Executable gates and eval cases	Tracked repo files	CI can run them without sf internals.
Run history	`.sf/sf.db`	Local operational evidence and fast queries.
Repo profile snapshots	`.sf/sf.db`	Derived state, can be recomputed.
Untracked-file observations	`.sf/sf.db`	Important context, but not owned by sf.
Learnings and anti-patterns	Singularity Memory	Durable knowledge across sessions and tools.
Large reports	`.sf/reports/` or harness report dirs	Avoid bloating SQLite and prompts.

Repo Profiler

The profiler reads the repository and emits a RepoProfile snapshot:

interface RepoProfile {
  profileId: string;
  projectHash: string;
  git: {
    head: string | null;
    branch: string | null;
    remoteHash: string | null;
    dirty: boolean;
    changedFiles: RepoFileObservation[];
  };
  stacks: StackSignal[];
  entrypoints: EntrypointSignal[];
  tests: TestSignal[];
  ci: CiSignal[];
  docs: DocumentSignal[];
  dataStores: DataStoreSignal[];
  networkSurfaces: NetworkSurfaceSignal[];
  riskHints: RiskHint[];
  createdAt: number;
}

Inputs include:

git status --short, git ls-files, current branch, remote, recent history.
Package manifests such as package.json, go.mod, Cargo.toml, pyproject.toml, flake.nix, Dockerfiles, Compose files, devcontainers.
Test directories, scripts, CI workflows, lint configs, migrations, fixtures, browser tests, smoke tests.
Documentation such as SPEC.md, ARCHITECTURE.md, AGENTS.md, ADRs, runbooks, deployment docs.
Source structure, entry points, route maps, command definitions, service definitions, generated files.

Untracked File Policy

Untracked files are part of repo reality. sf must see them.

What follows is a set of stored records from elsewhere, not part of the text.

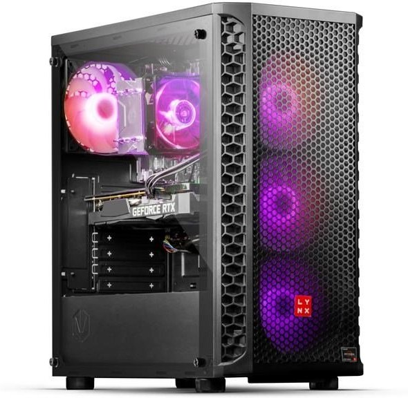 Základom zostavy je doska s čipovou sadou AMD B550 osadená 6jadrovým procesorom AMD Ryzen 5 5600, ktorý disponuje technológiou HyperThreading pre plynulejší multitasking, pracujúci na frekvencii 3.5 GHz, alebo až 4.4 GHz s technológiou turbo. Pamäte RAM značky Kingston sú pre zostavy LYNX štandardom, v tejto zostave sa jedná o pamäte s kapacitou 16 GB DDR4 (2x 8 GB). Plynulý obrazový výstup je zaistený grafickou kartou NVIDIA GeForce RTX 3060 Ti, ktorá disponuje 8 GB pamäte GDDR6. V tejto zostave nebrzdí ani úložisko je tu SSD disk 1 TB M.2 PCIe NVMe pre vaše všetky dáta a softvér. Dostatočné napájanie zaisťuje 650W zdroj. Zostava je dodávaná vrátane nového operačného systému Windows 11 Home.Záruka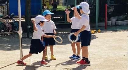暑いので、遊びの途中でお茶を飲む放送を入れ、全員が遊びの手を止めて、意識して水分補給をするようしています。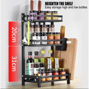 رف التوابل ذو الطبقتين مثالي لتنظيم جميع أنواع التوابل والزيوت والصلصات وعلب الحساء في مكان واحد.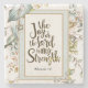 Inspirational quote scripture stone coaster depicts a rustic garden floral watercolor design with white flowers, eucalyptus and blue leaves. It features an encouraging Bible Verse Nehemiah 8:10, "The joy of the lord is my strength."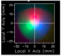 FRED可以設(shè)置雙折射材料、極化光源和偏振片等,并且可以模擬偏振干涉現(xiàn)象。如下圖是紅寶石激光經(jīng)過雙折射材料后形成的典型的偏振干涉圖樣。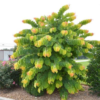 - Heart-shaped deep apricot-coloured leaves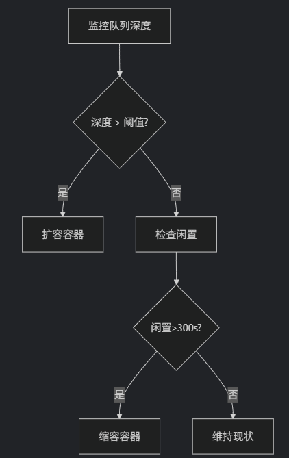 图3:自动伸缩决策树。基于SQS队列深度动态调整容器数量,扩容动作在500ms内完成,缩容延迟确保完成中的请求不被中断。

interface RepoFileObservation {
  path: string;
  gitStatus: "tracked" | "modified" | "deleted" | "renamed" | "untracked" | "ignored";
  ownership: "sf_generated" | "user_owned" | "observed_only" | "candidate_harness";
  language: string | null;
  sizeBytes: number;
  contentHash: string | null;
  summary: string | null;
  firstSeenAt: number;
  lastSeenAt: number;
  adoptedAt: number | null;
  adoptionUnitId: string | null;
}

Rules:

untracked defaults to observed_only.
observed_only files can influence context, risk classification, and memory.
observed_only files cannot be staged, deleted, reformatted, moved, or overwritten by automatic flows.
A file becomes sf_generated or candidate_harness only when a unit plan declares that ownership and the diff is reviewable.
Repeated observations can produce a harness recommendation, not an automatic commit.

This lets sf understand documents, scratch specs, generated reports, and local experiments without turning them into accidental repository history.

Risk Classifier

The classifier maps RepoProfile to required harness families.

Risk family	Signals	Required harness examples
Web	Next.js, Playwright, routes, CSS, browser tools	Playwright smoke, a11y, visual diffs, performance budget, browser trace replay
Agent	tool registry, prompts, MCP, provider SDKs	fixture replay, trajectory assertions, tool permission tests, injection red-team
RAG / retrieval	vector DB, embeddings, search, chunking	recall@k, MRR, NDCG, near-miss sets, faithfulness, context recall
Infrastructure	Nix, Docker, CI, deploy scripts	build matrix, secret scan, config validation, rollback checks
Database	migrations, SQL, ORM	migration up/down, data contract tests, destructive-change guard
Windows service	`_windows.go`, service managers, PowerShell	GOOS windows build, service install smoke, PowerShell contract tests
Security	auth, sessions, tokens, secrets	auth bypass tests, CSRF, rate limit, sensitive log scan
Performance	native bindings, compile-heavy code, hot loops	benchmark suite, regression threshold, flamegraph capture

Harness Planner

The planner compares the required harness families against the repo's current harness inventory.

Outputs:

missing: risks with no harness coverage.
weak: harness exists but lacks thresholds, fixtures, CI wiring, or reports.
stale: harness references files/scripts that no longer exist.
overbroad: harness is too slow or too generic for the risk.
proposed: exact files and commands to add or modify.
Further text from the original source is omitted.